The technical nature of the Air Force demands thorough initial training that is complemented on a daily basis by operational preparation. The latter includes instruction of personnel, their in-flight training and battle preparation. Technical progress in simulation opens up new possibilities in the preparation for modern air warfare.
New Perspectives for Simulation
The most modern among air forces operate complex equipment with increasing levels of performance to respond to multiple threats. They often act in coalitions and in delicate strategic environments where error cannot be tolerated. Aircrews need to have a very high level of competence, acquired through a selective training process and maintained by demanding operational preparation that is representative of the type of current conflict in which they might be called upon to act.
This operational preparation is conducted mainly by aircrews’ activity in the air and covers instruction, daily training and hardening for high-intensity combat. Each flight conforms to a programme that is part of the overall operational preparation cycle. In parallel, simulation has been used for over 40 years to teach the functioning of the aircraft, to make the pilots’ gestures automatic and to standardise teamwork.
Recent technological developments in digital matters are continually improving simulation tools in terms of accuracy and networking, and hence immersion, at the same time rendering their use and management easier. They could be employed in many more tasks in simulation and lead to its much more widespread use. The Air Force has developed a far-reaching modernisation programme for its simulation equipment in order to face up to the major challenges of operational preparation. The major fields of application envisaged are massively networked simulation on the ground, offering complex tactical situations and realistic threats, together with simulation in the cockpits of aircraft in flight. The objective is to bring the two together to improve battle readiness.
Why train?
When flying in a cockpit at close to 500 knots, everything happens fast and each action could prove fatal: at the same time the physiological environment (pressure and effect of gravity) tends to reduce everyone’s perception and cognitive capacities. To be the best in combat the operational preparation of aircrew is primordial.

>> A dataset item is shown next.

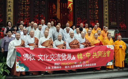 觉醒法师对韩国客人的到访表示欢迎,并向客人简要介绍了上海佛教和玉佛禅寺的情况,同时还介绍了上海佛教界围绕世博会所做的相关工作,希望通过双方的交流,加深相互之间的了解,共同为两国的友好交流做出贡献。

There are three aspects to it: instruction, regular training and battle-hardening. Instruction consists of teaching the technical and operational functions of the aircraft in its normal and fallback modes, then acquiring competences such as aerobatics, blind flying, navigation, formation flying and basic combat manoeuvres. The second aspect involves daily rehearsal of these actions to consolidate the competences at a more demanding level and in an environment more representative of real combat situations. This training covers activities that demand great dexterity, such as in-flight refuelling and live firing. It also maintains coordination of actions and flight trajectories of the team members, understanding of the enemy air picture in order to thwart his manoeuvres and the effective use of the few armaments available. The third aspect is battle hardening, which gives the aircrews the ability to manage complex combat situations in stressful, rapidly changing and unpredictable environments.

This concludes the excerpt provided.